One of the reasons for this limitation, and a guiding principle in the construction of the brain, is that the proliferative ventricular zone apparently holds information about both the quantities of various cells needed and their eventual function or location. Pasko Rakic and his colleagues propose that somewhere in the mosaic of the ventricular zone is a protomap of the future regions of the brain, including the cerebral cortex. This map is actually better understood as a series of columns packed closely together on the surface of the cerebral ventricles. The precursor cells divide in two while at the ventricular surface and then move off to synthesize a full complement of DNA; afterward, they shuttle back to the surface to undergo another cell division. This process is repeated numerous times, until about the 100th day of gestation of a rhesus monkey, for example. But the end of cell proliferation does not mean that the columns have outlived their usefulness. On the contrary, they are essential for the accuracy of the next, and in some ways most remarkable, stage in the development of the cerebral cortex.

Migration To The Cerebral Cortex

The mammalian brain develops from the core outward.
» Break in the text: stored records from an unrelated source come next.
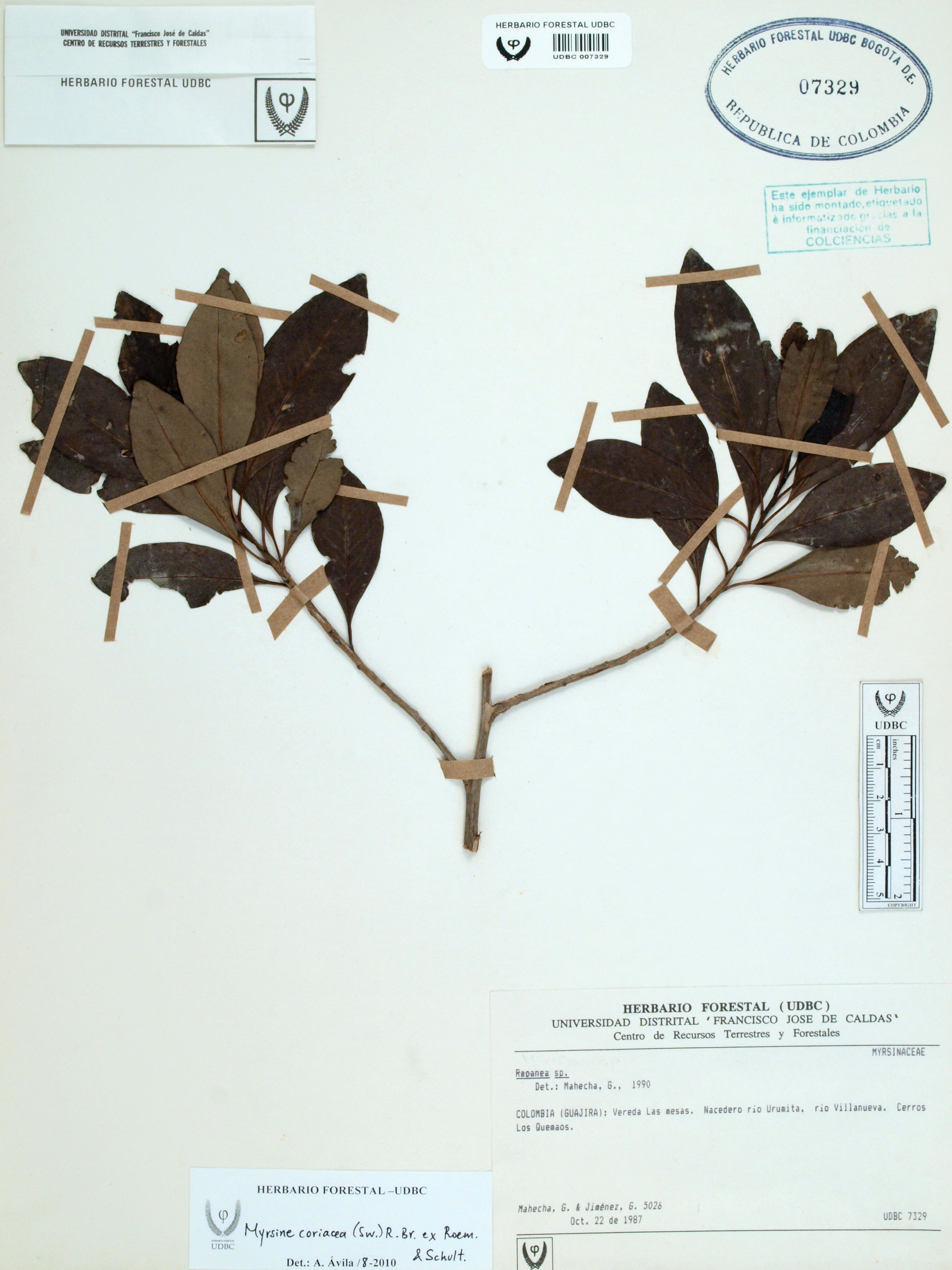| dc.description | Fotografía del ejemplar Mahecha, G. 5026, determinado como Myrsine coriacea en el año 2010 | |
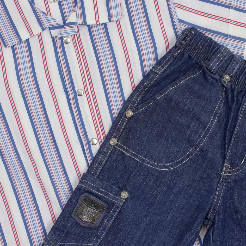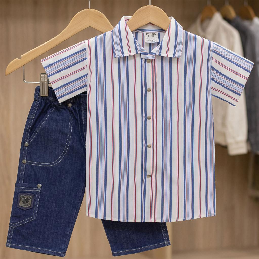 Този детски комплект риза с райе и дънкови бермуди 3/4 е перфектният избор за момчета, които обичат да изглеждат стилно и да се чувстват удобно през топлите дни ☀️
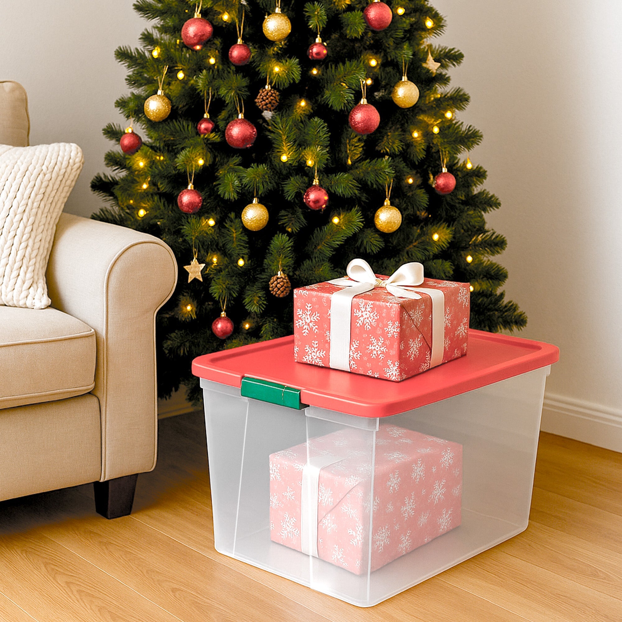 Take pride in your organizational skills and show off your tidy space thanks to this extra-large storage solution. With the secure latching handles, this storage container ensures to keep your decor, blankets, and more safe and sound. It's not always easy to keep track of stored items, but courtesy of the see-through design, you can quickly identify storage contents without the hassle of opening the container.
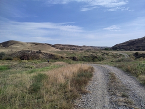 Le paysage est dépouillé, rasé, aride. Les lits secs des cours d’eau sont explicites. Il est des conditions météorologiques où la puissance de l’eau doit être terrible. En témoigne ce pont détruit qui complique légèrement la traversée à gué d’un profond et étroit ruisseau.
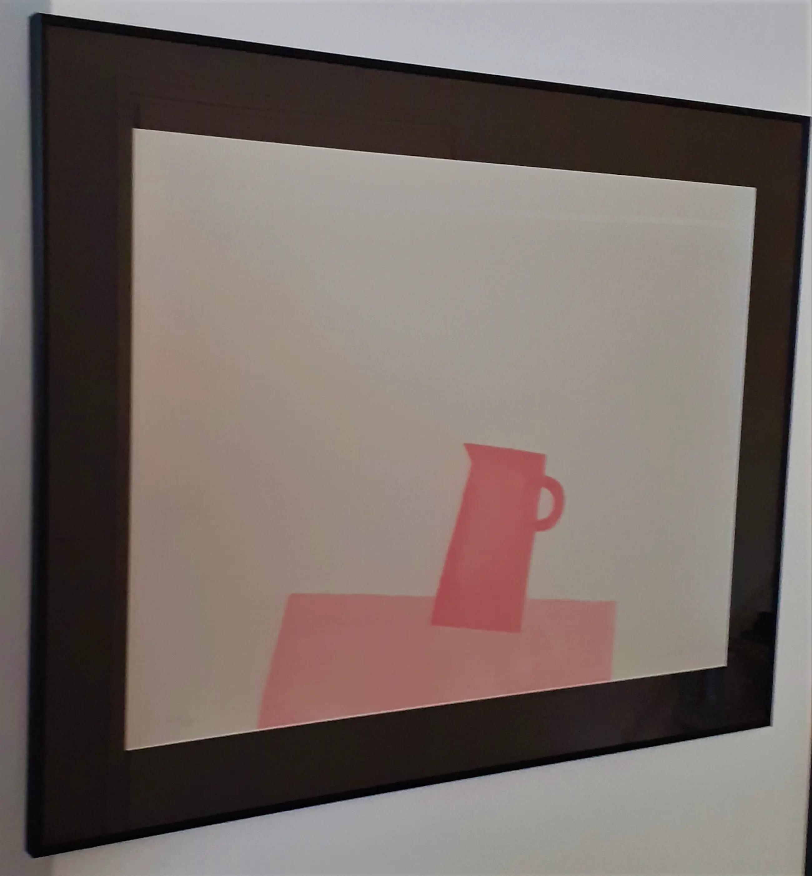 Lijst:Het werk is professioneel ingelijst door inlijsterij in matzwarte metalen lijst en zwarte passepartout. Kan zo aan de wand!

Long before the recognizably wrinkled surface of the cerebral cortex appears, the hollow, fluid-filled ventricles are present. These serve both as a connection back to the spinal cord (and a reminder of the still earlier neural tube) and as the site of origin for the new elements that will ultimately be assembled into the outermost surface of the brain, the cerebral cortex. Thus, in the course of development, the neurons and supporting glial cells of the cortex must somehow make their way there from the ventricular zone. This stage has been described as a massive migration of cells, and the distances involved are enormous, at least from the point of view of a single cell: some may travel as much as several millimeters to their eventual destination in the cortex.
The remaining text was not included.